EXERCISE INSTRUCTIONS: Could you retype the lines below, starting at the line holding "L’andamento del prelievo" and stopping at the line holding "ランクアップの条件は「1日1", inclusive? Copy them exactly and drop the images.
======== STORED DATA ========
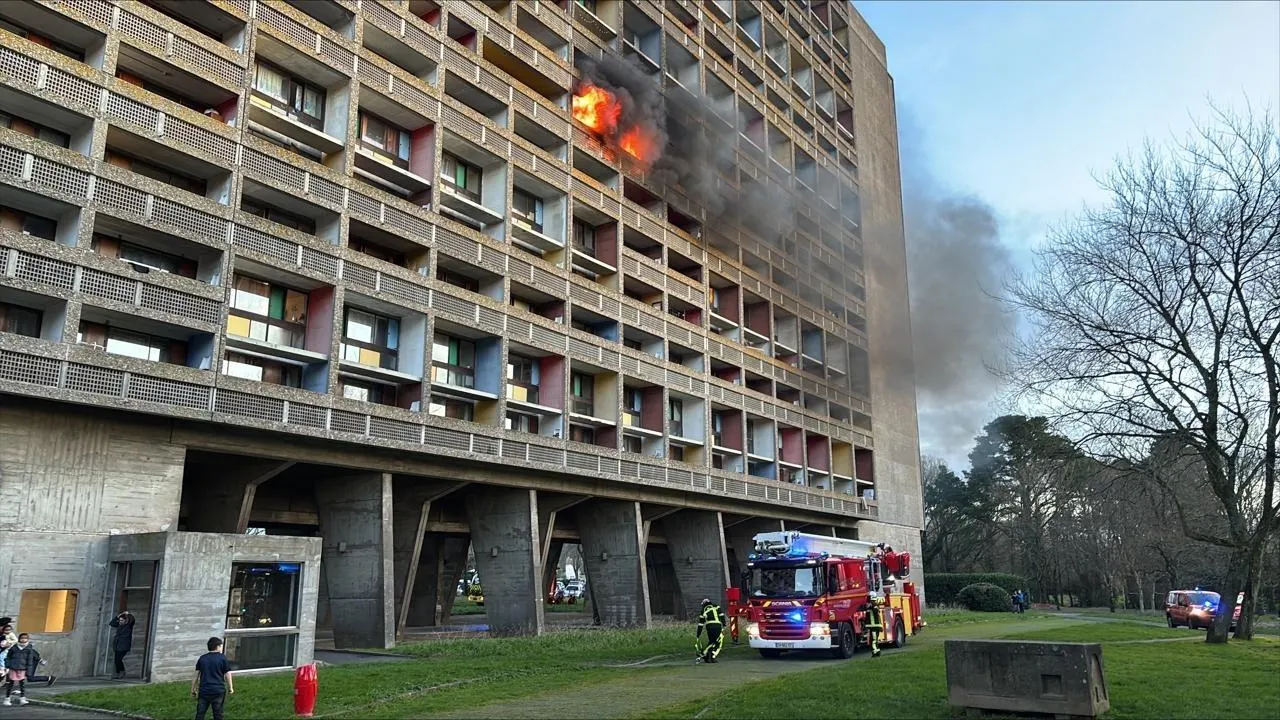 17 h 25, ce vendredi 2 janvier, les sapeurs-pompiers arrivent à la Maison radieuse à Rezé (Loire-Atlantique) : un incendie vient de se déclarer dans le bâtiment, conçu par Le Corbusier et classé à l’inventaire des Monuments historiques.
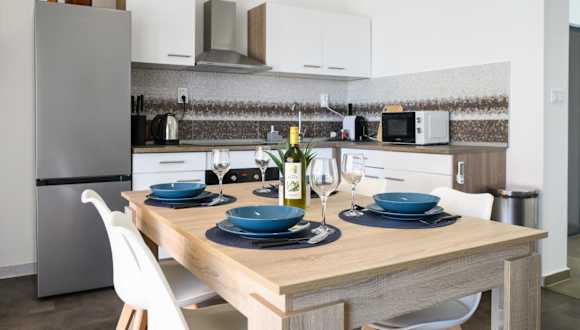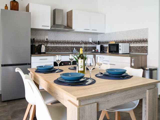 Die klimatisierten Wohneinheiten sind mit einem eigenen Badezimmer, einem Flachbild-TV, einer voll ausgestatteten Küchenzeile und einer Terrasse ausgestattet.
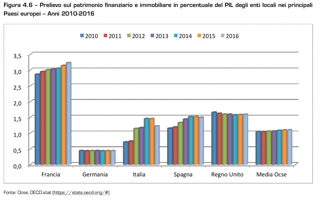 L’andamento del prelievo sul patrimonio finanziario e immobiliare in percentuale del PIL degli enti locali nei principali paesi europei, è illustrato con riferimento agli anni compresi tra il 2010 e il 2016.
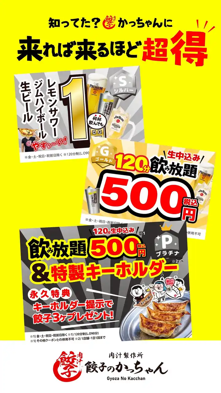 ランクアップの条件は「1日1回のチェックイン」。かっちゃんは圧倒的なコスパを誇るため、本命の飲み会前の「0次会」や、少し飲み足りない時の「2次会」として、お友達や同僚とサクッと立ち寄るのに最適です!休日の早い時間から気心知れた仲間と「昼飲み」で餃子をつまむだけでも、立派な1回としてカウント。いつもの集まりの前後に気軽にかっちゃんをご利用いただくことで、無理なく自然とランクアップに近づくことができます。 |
========
======== STORED DATA ========
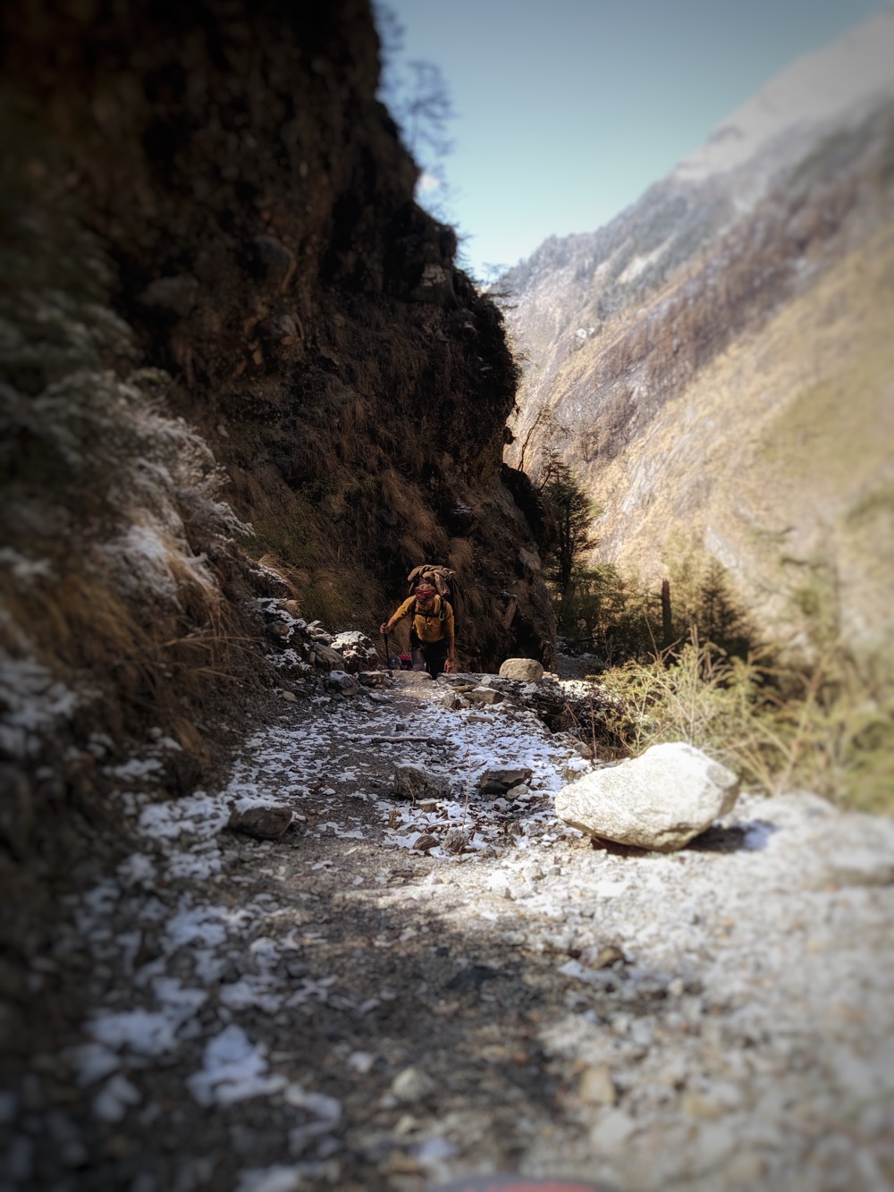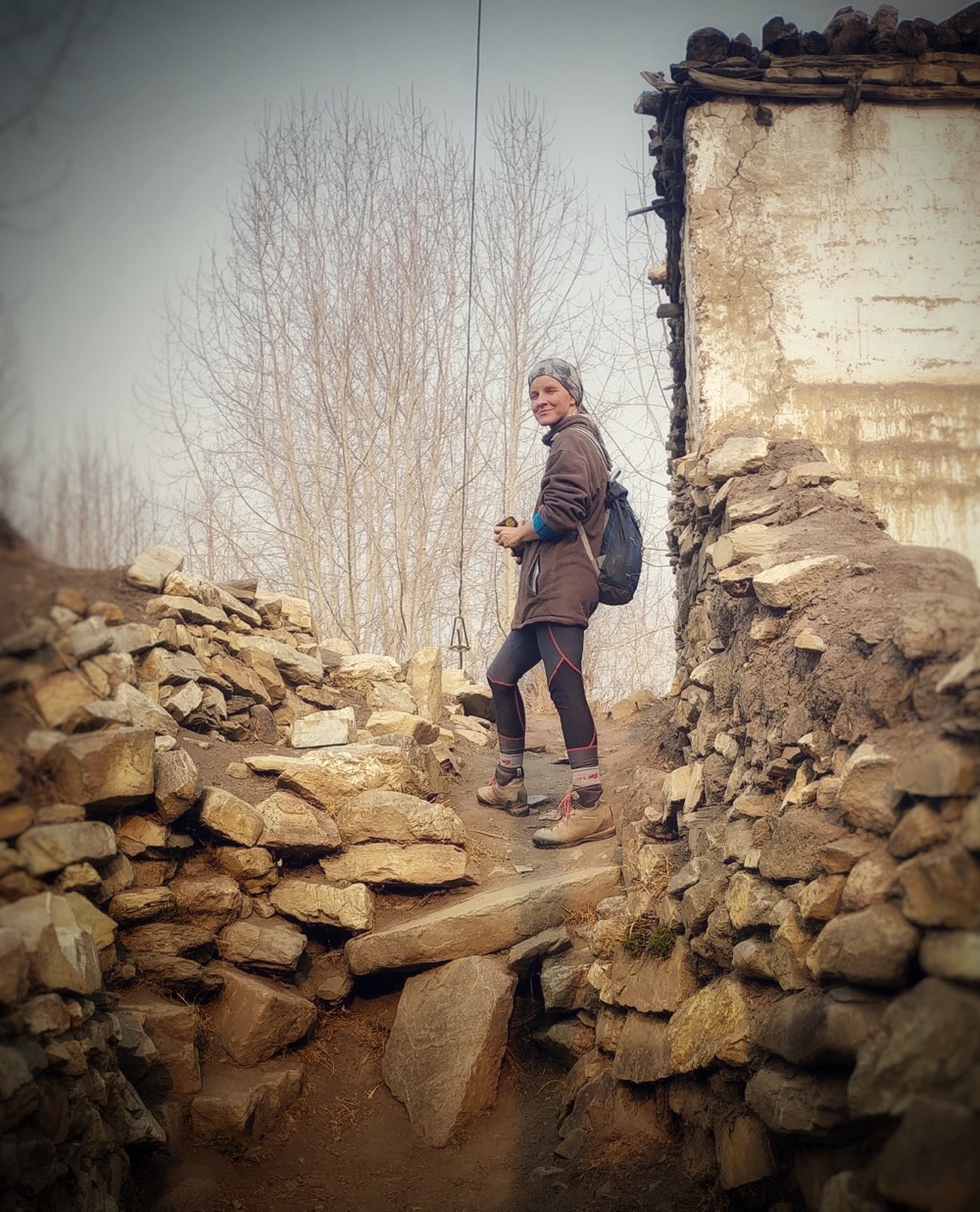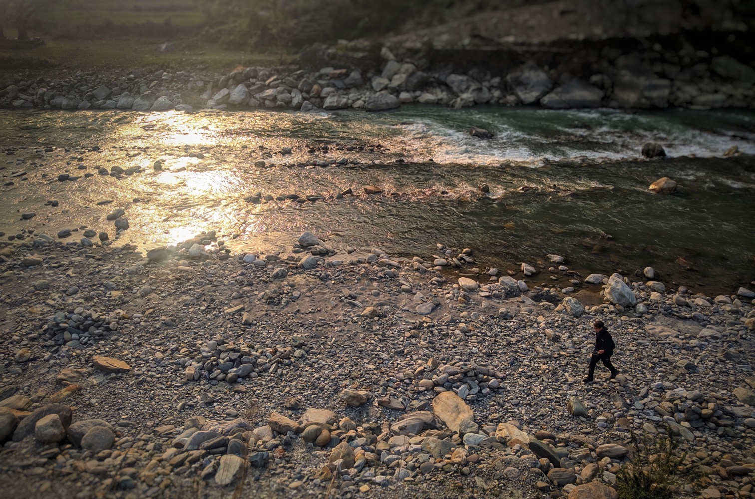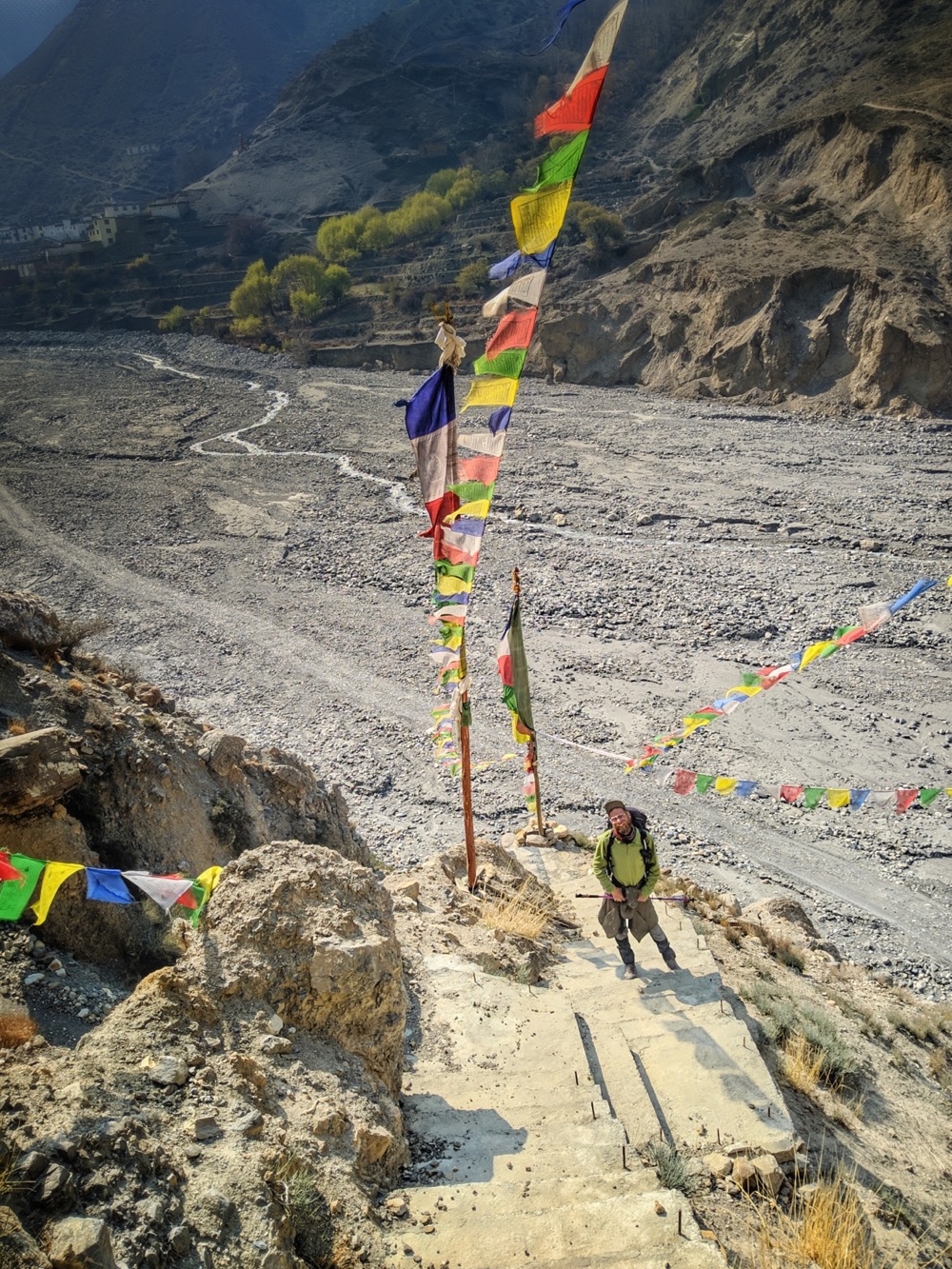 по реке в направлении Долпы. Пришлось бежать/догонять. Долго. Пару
========
ANSWER BELOW:
 L’andamento del prelievo sul patrimonio finanziario e immobiliare in percentuale del PIL degli enti locali nei principali paesi europei, è illustrato con riferimento agli anni compresi tra il 2010 e il 2016.
 ランクアップの条件は「1日1回のチェックイン」。かっちゃんは圧倒的なコスパを誇るため、本命の飲み会前の「0次会」や、少し飲み足りない時の「2次会」として、お友達や同僚とサクッと立ち寄るのに最適です!休日の早い時間から気心知れた仲間と「昼飲み」で餃子をつまむだけでも、立派な1回としてカウント。いつもの集まりの前後に気軽にかっちゃんをご利用いただくことで、無理なく自然とランクアップに近づくことができます。 |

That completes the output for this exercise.